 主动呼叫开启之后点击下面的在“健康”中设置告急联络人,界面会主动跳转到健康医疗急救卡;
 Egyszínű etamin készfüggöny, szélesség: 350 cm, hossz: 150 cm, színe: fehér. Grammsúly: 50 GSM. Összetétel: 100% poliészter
--
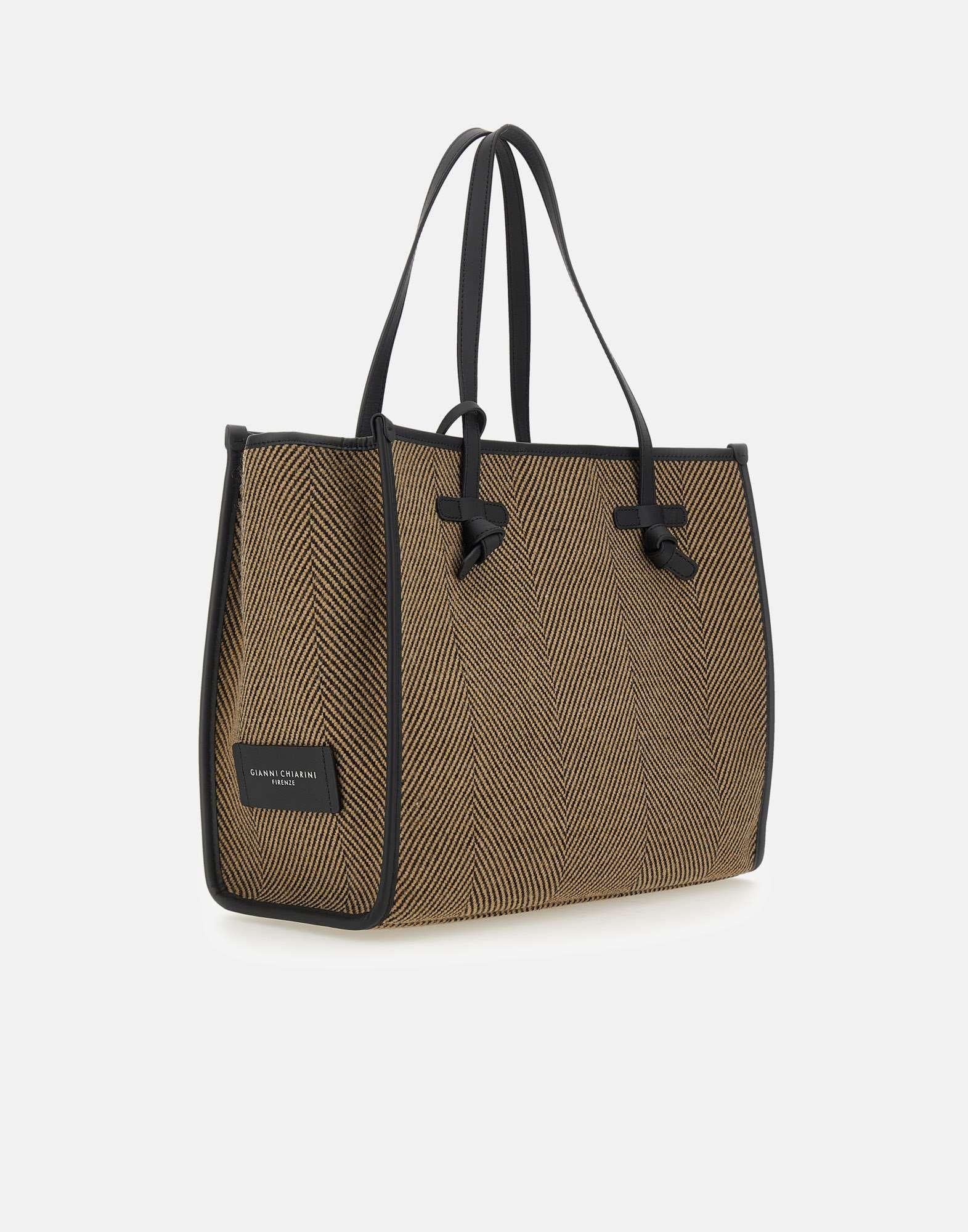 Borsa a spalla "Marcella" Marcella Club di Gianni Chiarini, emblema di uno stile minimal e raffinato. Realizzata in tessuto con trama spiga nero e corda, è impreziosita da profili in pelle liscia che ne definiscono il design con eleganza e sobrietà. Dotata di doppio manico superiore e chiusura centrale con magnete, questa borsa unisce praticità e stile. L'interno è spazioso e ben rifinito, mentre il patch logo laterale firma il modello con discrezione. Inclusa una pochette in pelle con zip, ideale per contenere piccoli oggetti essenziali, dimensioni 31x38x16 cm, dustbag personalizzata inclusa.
--
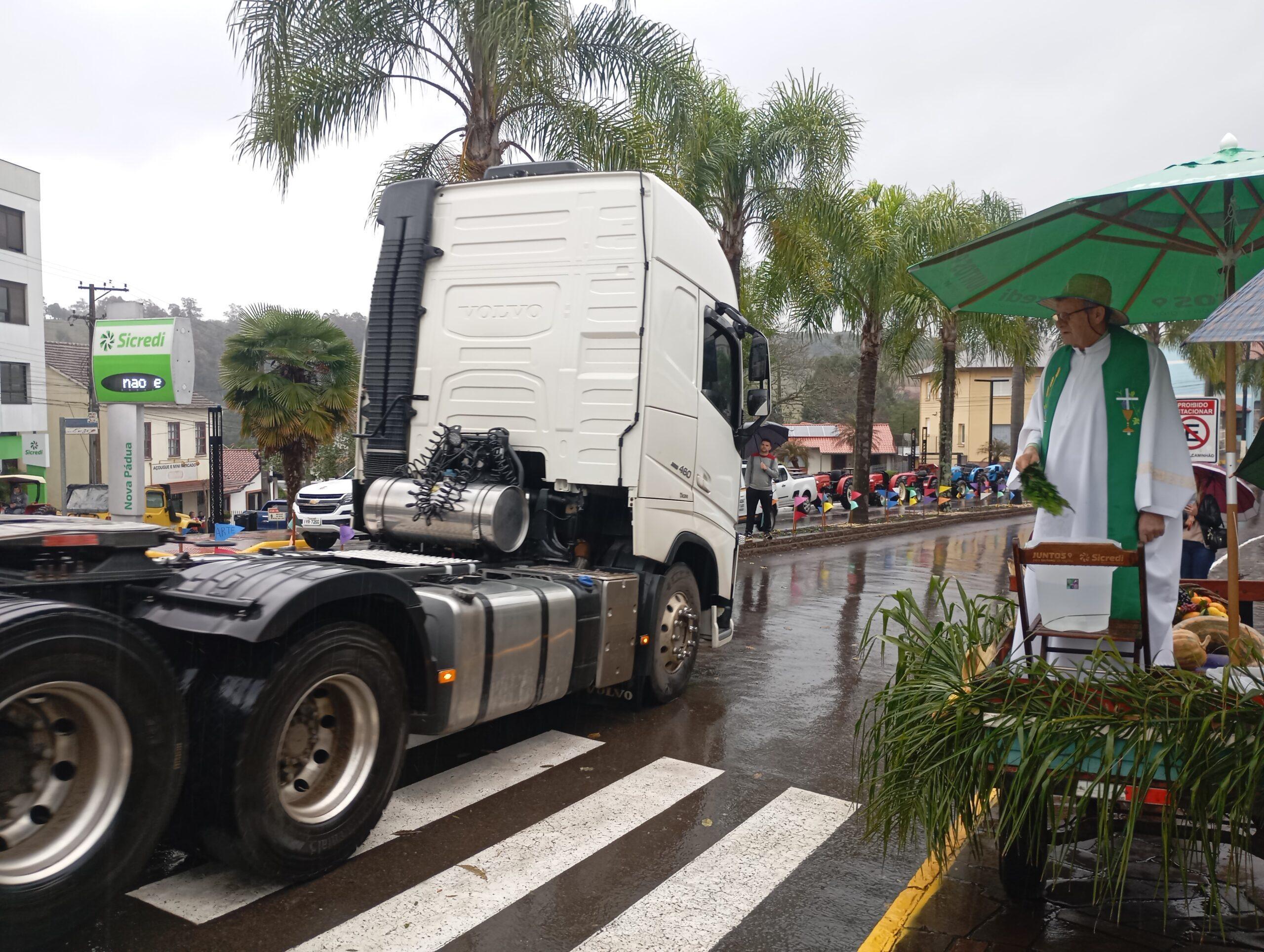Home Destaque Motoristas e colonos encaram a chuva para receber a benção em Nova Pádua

» **ACTIVITY**
The listing above holds a line with "主动呼叫开启之后点击下面的在" and a line with "Egyszínű etamin készfüggöny, szélesség: 350". Print the stretch from the first through the second, exactly and alone.

» **TASK RESULT**
 主动呼叫开启之后点击下面的在“健康”中设置告急联络人,界面会主动跳转到健康医疗急救卡;
 Egyszínű etamin készfüggöny, szélesség: 350 cm, hossz: 150 cm, színe: fehér. Grammsúly: 50 GSM. Összetétel: 100% poliészter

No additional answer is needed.